想我只需要添加一个GROUP BY,我这样做了,但它没有帮助:

mysql> select COUNT(all_licenses.lid) as all_licenses_count, COUNT(unassigned.lid) as unassigned_count FROM license_assignments unassigned, license_assignments all_licenses WHERE unassigned.lid = 2 AND unassigned.uid IS NULL AND all_licenses.lid = 2 GROUP BY all_licenses.lid, unassigned.lid;
+--------------------+------------------+
| all_licenses_count | unassigned_count |
+--------------------+------------------+
|                 18 |               18 |
+--------------------+------------------+
1 row in set (0.00 sec)

然后我认为天然连接让我绊倒,所以我尝试了内连接:

mysql> select COUNT(all_licenses.lid) as all_licenses_count, COUNT(unassigned.lid) as unassigned_count FROM license_assignments unassigned INNER JOIN license_assignments all_licenses ON all_licenses.lid = unassigned.lid WHERE unassigned.uid IS NULL;
+--------------------+------------------+
| all_licenses_count | unassigned_count |
+--------------------+------------------+
|                 18 |               18 |
+--------------------+------------------+
1 row in set (0.00 sec)

我没理解什么?我期望执行一个查询,给我这个结果:

mysql> select COUNT( ... ;
+--------------------+------------------+
| all_licenses_count | unassigned_count |
+--------------------+------------------+
|                 6 |               3 |
+--------------------+------------------+
1 row in set (0.00 sec)

但我的定理理论显然是生锈的。我需要做什么?

顺便说一句:

mysql> select version();
+-------------------+
| version()         |
+-------------------+
| 5.5.31-1~dotdeb.0 |
+-------------------+

3 个答案:

答案 0 :(得分:2)

查询比你想象的要简单得多:)

SELECT
  COUNT(*) all_licenses_count,
  COUNT(*) - COUNT(uid) unassigned_count
FROM license_assignments
WHERE lid = 2

COUNT(*)计算行数,而COUNT(uid)计算uid非空行的行。

输出:

| ALL_LICENSES_COUNT | UNASSIGNED_COUNT |
|--------------------|------------------|
|                  6 |                3 |

小提琴here

答案 1 :(得分:1)

正如上面提到的@Mike Brant,您不需要仅仅COUNT()来加入。不确定为什么你需要加入,无论如何你想要,你缺少加入条件。

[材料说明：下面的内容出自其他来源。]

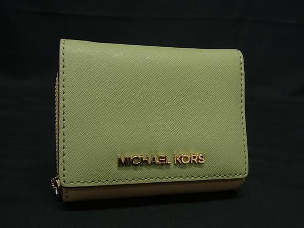 MICHAEL KORS マイケルコース レザー 三つ折り 財布 ウォレット 札入れ 小銭入れ レディース メンズ グリーン系×ベージュ系 DJ3080

这是一个例子。

SELECT
  unassigned.lid, unassigned.delta
FROM
  license_assignments unassigned JOIN
  license_assignments all_licenses 
  ON unassigned.lid = all_licenses.lid AND unassigned.delta = all_licenses.delta
WHERE
  unassigned.lid = 2 
  AND unassigned.uid IS NULL 
  AND all_licenses.lid = 2
+-----+-------+
| lid | delta |
+-----+-------+
|   2 |     4 |
|   2 |     5 |
|   2 |     6 |
+-----+-------+
3 rows in set (0.00 sec)

如果你检查下面的查询,你可以找出问题所在。

SELECT uid, lid, delta 
FROM license_assignments all_licenses
WHERE lid = 2;
+------+-----+-------+
| uid  | lid | delta |
+------+-----+-------+
|    1 |   2 |     1 |
|    1 |   2 |     2 |
|    1 |   2 |     3 |
| NULL |   2 |     4 |
| NULL |   2 |     5 |
| NULL |   2 |     6 |
+------+-----+-------+
6 rows in set (0.00 sec)

SELECT uid, lid, delta 
FROM license_assignments all_licenses
WHERE lid = 2 AND uid IS NULL;
+------+-----+-------+
| uid  | lid | delta |
+------+-----+-------+
| NULL |   2 |     4 |
| NULL |   2 |     5 |
| NULL |   2 |     6 |
+------+-----+-------+
3 rows in set (0.00 sec)

答案 2 :(得分:1)

你得到的是笛卡尔积,因为一组是六行,盖子= 2,另一组有三行,盖子= 2。集合中的每一行都与另一组中的每一行匹配。

这里JOIN的问题是你需要保证第一组中的一行最多匹配第二组中的一行......你需要一个UNIQUE键上的连接谓词。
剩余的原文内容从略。